An essential feature of pure mathematical cognition is that it must throughout proceed not from concepts, but always and only through the construction of concepts. It must go beyond the concept to that which is contained in the intuition corresponding to it.

  • Properly metaphysical judgments are one and all synthetic. Proper metaphysical judgments are the aims of analytical metaphysical judgments, and are always synthetic. Proper metaphysics possesses something special and proper to it in the generation of its a priori cognitions. e.g. All that is substance in things persists, is a synthetic and properly metaphysical proposition.

The generation of cognition a priori in accordance with both intuition and concepts, ultimately of synthetic propositions a priori as well, and specifically in philosophical cognition, forms the essential content of metaphysics.

General Question of the Prolegomena: Is metaphysics possible at all?

Weary of dogmatism, which teaches us nothing, and also of skepticism, which promises us absolutely nothing at all, with respect to any knowledge that we believe we possess or that offers itself to us under the title of pure reason, there remains left for us but one critical question: Is metaphysics possible at all?

In CPR, Kant worked on the question synthetically, by inquiring within pure reason itself, and seeking to determine within this source both the elements and the laws of its pure use, according to principles. Prolegomena should be a preparatory exercise; they ought more to indicate what needs to be done in order to bring a science into existence if possible, than to present the science itself. The methodological procedure of prolegomena will be analytic. Analytic here means that we start from object in concreto, or its actuality and then proceed to the ground of its possibility, instead of the synthetic approach, which is starting from concept in abstracto. This is probably similar to progressive and regressive distinctions, where analytic is the same as regressive, ascending and synthetic the same as progressive, descending.

We cannot say metaphysics as a science is actual, but we can confidently say that some pure synthetic cognition a priori is actual and given, that pure mathematics and pure natural science are actual and given. We only need to ask how these sciences are possible and from their principles we can derive the possibility of all other synthetic cognition a priori.

General Question: How is cognition from pure reason possible?
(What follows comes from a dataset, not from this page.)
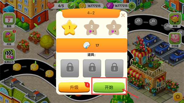 1、選擇【4-2】關(guān)卡點(diǎn)擊【開始】按鈕進(jìn)入游戲,當(dāng)前關(guān)卡可使用【17】個(gè)道具,開啟該關(guān)卡的經(jīng)營(yíng)挑戰(zhàn)。

It’s evident that analytic a priori judgments and synthetic a posteriori judgments are possible. It remains only that how are synthetic a priori judgments possible(They are possible because plenty of them are already given). The exact question we want to ask is:

How are synthetic propositions a priori possible?

We must find the foundation of the legitimacy of synthetic a priori judgments before we proceed to other inquires since it’s not based on principle of contradiction as analytic judgments, we must find some other foundations.

Reason why there is not yet an answer to this question is 1. it is never asked before 2. the difficulty of answering such a question.